Buying deep OTM call options on value stocks

Discussion in 'Options' started by ScroogeMcDuck, May 19, 2016.

  1. This quote kind of shows your incorrect thinking and maybe why you are having trouble making money with options. No such thing as "really expensive" when all you are doing is comparing premiums. Newbie attitude that you would rather pay $0.50 for an option than $5.00 even though you are most likely going to lose your money. It is a newbie approach to finance and I always thought anyone trading should first learn about fixed income products to truly understand risk and how risk is priced before looking at equities. That is where people learn that a $101 par priced high rated AAA bond is not more expensive than a $20 par priced D rated bond.

    Unless you see how wrong your above statement is, then you will have trouble making money or understanding how to make more informed trading decisions.
     
    #11     May 21, 2016
    Sig likes this.
  2. That was just shorthand for saying you can't buy as many of them, so your max gain is lower when you buy ATM options. If you just think the underlying will just beat the market a little bit, then it's better to buy the ATM or ITM call. If you have a strong view that the underlying is going to go up by 33%+ in a year, then you should buy the OTM call. If you have a strong view that XYZ is not going to default, then you should buy their $20 priced D rated bond. If you are a pussy, then you should buy JNJ AAA rated bonds with 0% YTM.
     
    #12     May 21, 2016
  3. You just backed into bullshit thinking but go ahead and still think you can succeed playing in the OTM kiddie pool. I bet your are a genius that always picks those stocks that jump 33% while scanning porn from your yacht in the Bahamas.

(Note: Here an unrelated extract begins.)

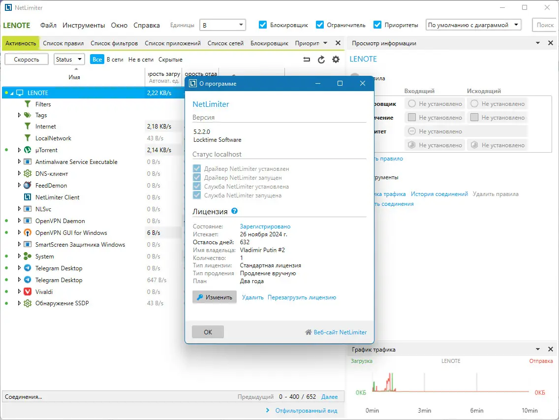 NetLimiter — это инструмент для детального контроля сетевого трафика на персональном компьютере, позволяющий отслеживать и управлять подключениями каждого приложения. Программа предоставляет пользователю полный контроль над скоростью передачи данных, включая ограничение, приоритезацию и блокировку соединений.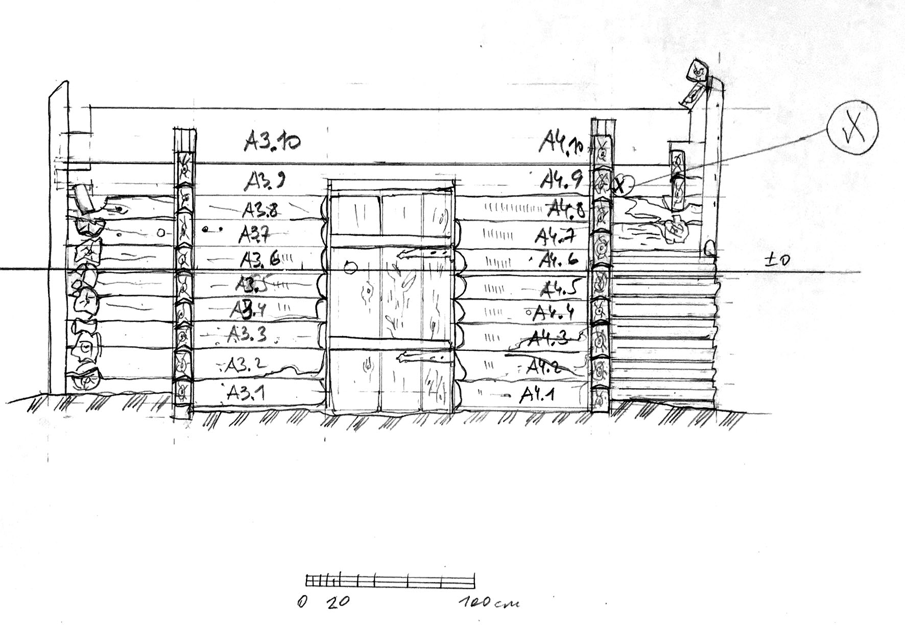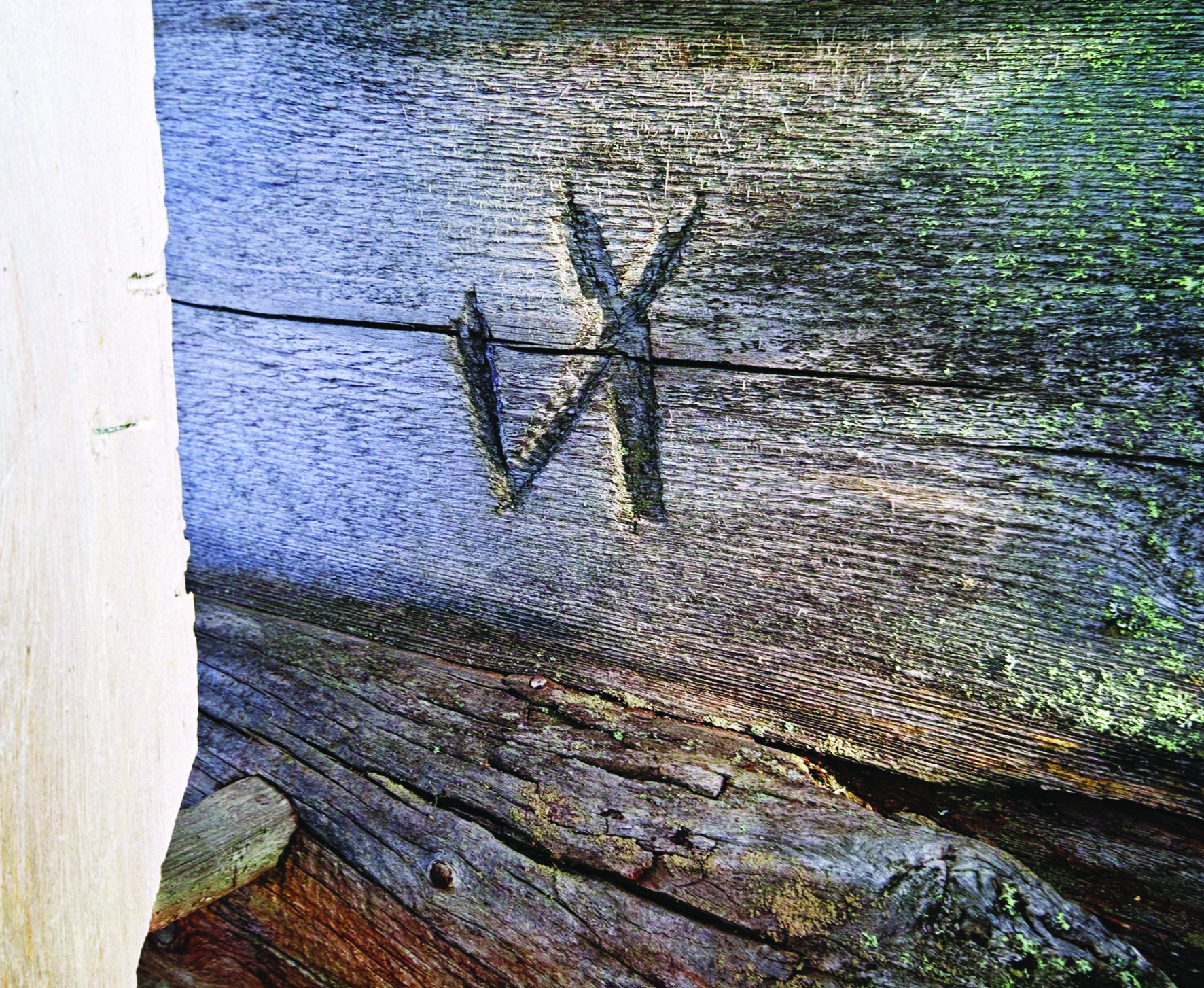 В контексте истории часовни интересно вырезанное на стене сеней клеймо (рис. 7). Тамга, которую можно увидеть на замененном бревне, указывает на относительно позднее время его происхождения. В списке саамских клейм А. Я. Комшилова 1927 г. оно отсутствует18. По сообщению местных жителей, этот знак принадлежит семье Шаршиных [9]. Возможно, они участвовали в ремонтных работах конца XIX в.19

    To say your max gain is lower when you buy ATM options is just a childish way of saying "I don't understand finance".

    message received!
     
    #13     May 21, 2016
  4. Sig

    Sig

    Again you're missing optioncoach's point entirely. A AAA rated bond that yields 2% may have a far higher risk adjusted return than a junk bond that yields 80%, and the opposite may also be true. The return or potential return give you no information on the value of the investment (or if you're a pussy or not, for that matter). If you don't understand the concept of risk adjusted return you're simply randomly throwing money at the market and fooling yourself into thinking you're making rational choices, no matter if you're buying options or bonds.
    I'd highly recommend you take a basic finance course, there are a number of free MOOCs taught by top notch professors. You'll enrich your life and have a bunch of ah-ha moments, one of which for me happened when I fully grasped the risk adjusted return concept and everything that went along with it in modern portfolio management. Well worth the investment of your time for you personally, and it will be great to have you contributing when you understand the underlying ideas behind what you're discussing.
     
    #14     May 21, 2016
  5. Modern portfolio management and the whole idea of being able to quantify risk-adjusted returns is bullshit. Volatility is not risk. Volatility is opportunity to buy things for less than they're worth.
     
    #15     May 21, 2016
  6. As warren buffett said, "I prefer a lumpy 15% to a smooth 12%". Sharpe ratio is meaningless unless you have a short term need to liquidate.
     
    #16     May 21, 2016
  7. newwurldmn

    newwurldmn

    Very few traders can afford to not worry about volatility. If you can do it, there are lots of opportunities in the market.
     
    #17     May 21, 2016
  8. WTF is talking about modern portfolio management..we are talking about your ass backwards viewpoint on how a far OTM option is better to sell because you can do more of them than ATM options. There may be reasons you prefer to do OTM options for your own trading but the reasons you cite are just below high school level finance. And your last sentence is too stupid for me to try and dumb myself down to answer
     
    #18     May 21, 2016
  9. Sig

    Sig

    There are many legitimate shortcomings of modern portfolio theory, but since it does not claim that volatility is risk it doesn't make much sense to criticize that. I happen to believe that the whole idea that you can perfectly hedge delta is bullshit, but since that has nothing to do with modern portfolio theory it's pretty irrelevant in a discussion of same.
    You're so very very close with the understanding that things do have a "worth" and at times may be priced above or below that worth. You just need the finance, and possibly the statistics, background to close the loop and fully understand it. Really, take a couple courses, you'll be glad you did. Don't worry, they won't brain-wash you and in fact we all welcome criticism of theories, it's a fundamental part of the scientific method and is what allows us to make the theories better. However you have to both know and understand what the theory says to be able to critique it, in this case you clearly don't.
     
    #19     May 22, 2016
  10. ironchef

    ironchef

    I just told you the result of buying 1 yr ATM LEAPS call for WFC on the same date you bought your OTM. At expiry, the ATM investment would have gone up 20X, i.e. 2000% profit, instead of the 3X you quoted for your DOTM.